Winston Churchill
Par Alexandre le Lundi 18 mai 2009, 14:58 - Informations - Lien permanent
Winston Churchill (1874-1965) était bègue. En plus, il avait un sigmatisme. Son bégaiement était particulièrement sévère lorsqu’il devait parler en public sans avoir pu préparer ce qu’il avait à dire. L’improvisation lui était très difficile. Aussi accordait-il beaucoup d’attention à la préparation de ses discours. Le plus souvent, il dictait à sa secrétaire ce qu’il se proposait de dire. Il marchait en long en large dans son bureau tandis qu’il élaborait en bégayant la première version de son exposé. Ensuite, la secrétaire tapait à la machine le texte dicté. Churchill remaniait et corrigeait ce premier jet, qu’il soumettait alors souvent à sa femme Clémentine. Celle-ci formulait parfois des remarques ou des réserves et Churchill modifiait son texte en conséquence. Il indiquait aussi les pauses qu’il comptait faire. Celles-ci étaient nombreuses. La plupart du temps, les phrases étaient découpées en segments de quelques mots. La secrétaire retapait le texte ainsi retravaillé, prenant soin d’aller à la ligne chaque fois qu’une pause avait été indiquée.
Churchill s’efforçait ensuite de mémoriser son texte tandis qu’il lisait et relisait son discours à haute voix, apportant parfois de nouvelles corrections. Il emmenait son texte avec lui et, avant de prendre la parole en public, s’assurait à plusieurs reprises qu’il avait bien toutes ses notes et que les feuillets étaient rangés dans le bon ordre.
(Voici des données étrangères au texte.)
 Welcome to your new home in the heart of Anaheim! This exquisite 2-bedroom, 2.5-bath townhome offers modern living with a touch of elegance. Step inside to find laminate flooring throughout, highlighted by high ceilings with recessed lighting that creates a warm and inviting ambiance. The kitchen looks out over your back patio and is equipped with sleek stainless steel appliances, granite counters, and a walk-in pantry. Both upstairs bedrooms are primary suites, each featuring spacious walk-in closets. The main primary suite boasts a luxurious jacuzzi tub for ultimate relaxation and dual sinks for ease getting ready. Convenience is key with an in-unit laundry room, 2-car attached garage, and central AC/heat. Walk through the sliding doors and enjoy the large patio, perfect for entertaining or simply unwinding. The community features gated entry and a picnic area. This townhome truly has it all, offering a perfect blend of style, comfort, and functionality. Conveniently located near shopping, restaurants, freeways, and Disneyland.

Enfin, ayant pris place à la tribune, il prononçait son discours, ses notes sous les yeux. Il parlait lentement et d’une voix grave, faisant une courte pause à la fin de chaque syntagme. Il achoppait peu, ou pas du tout. En général, ses discours faisaient impression, car Churchill avait le sens de la formule.
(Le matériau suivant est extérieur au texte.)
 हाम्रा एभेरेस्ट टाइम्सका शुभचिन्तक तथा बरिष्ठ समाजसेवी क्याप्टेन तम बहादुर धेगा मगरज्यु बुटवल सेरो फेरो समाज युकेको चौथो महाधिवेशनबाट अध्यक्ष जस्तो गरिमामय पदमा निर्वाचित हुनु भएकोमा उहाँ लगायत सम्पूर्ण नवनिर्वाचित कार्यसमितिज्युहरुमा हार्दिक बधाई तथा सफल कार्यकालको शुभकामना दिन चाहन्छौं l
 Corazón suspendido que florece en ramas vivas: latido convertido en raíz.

Sitôt après avoir parlé, Churchill cherchait à savoir quel effet il avait produit. En même temps, il se sentait soulagé : l’épreuve était passée.
Comme il avait tendance à bégayer, et parfois même à perdre le fil de ses idées, lorsqu’il devait prendre la parole de façon impromptue, il s’efforçait de prévoir les questions et les objections de ses adversaires politiques, afin de préparer ses réponses. Parfois, lorsque l’interpellation de l’opposition était différente de ce qu’il avait prévu, il lui arrivait de donner quand même la réponse qu’il avait préparée, ce qui fit dire un jour à un parlementaire que l’artillerie de Churchill était puissante mais peu mobile. Un autre membre de la Haute Assemblée lui reprocha de toujours discourir, mais de ne jamais discuter.
Malgré le mal qu’il devait se donner pour prononcer un discours sans achopper, Churchill montait souvent à la tribune, car il était convaincu que le verbe était la meilleure arme de l’homme politique. Sa vie durant, il s’efforça de surmonter son handicap verbal afin de poursuivvre sa carrière d’homme d’Etat.
A force de préparations et avec, sous les yeux, le texte complet de son exposé, Churchill réussissait souvent à impressionner son auditoire. Mais il restait conscient de son manque total de spontanéité et, pour cette raison, ne se considérait pas comme un véritable orateur. Pour lui, la vrait maîtrise de l’art oratoire impliquait la possibilité de prendre la parole en public sans aucune préparation. Cette faculté de discourir tante pede lui fit toujours défaut.
Extrait du livre Les bégaiements : histoire, psychologie, évaluation, variétés, traitements par Anne Van Hout et Françoise Estienne (publié par Elsevier Masson, 2002)
Commentaires
Winston Churchill était ce que l’on appelle un “closet stutterer” ou “bègue du placard” (c’est tout de suite beaucoup moins joli en français…). Le closet stutterer développe des artifices élaborés pour masquer son bégaiement. En la matière, Churchill était vraiment un champion et sa richesse de vocabulaire était le résultat d’une longue pratique de la périphrase et de la substitution de mots. Contrairement à ce que disent ses détracteurs, ça ne l’empêchait pas d’avoir de la répartie. A une dame qui lui avait dit “si j’étais votre femme, Monsieur, je mettrais du cyanure dans votre thé !”, il a répondu “si j’étais votre mari, Madame, je le boirais !” Délicieux, non ?
Existe-il une archive avec un bégaiement (forcément léger j’imagine)?
Bloqué par sa voix mais pas par les nazis! Great Man!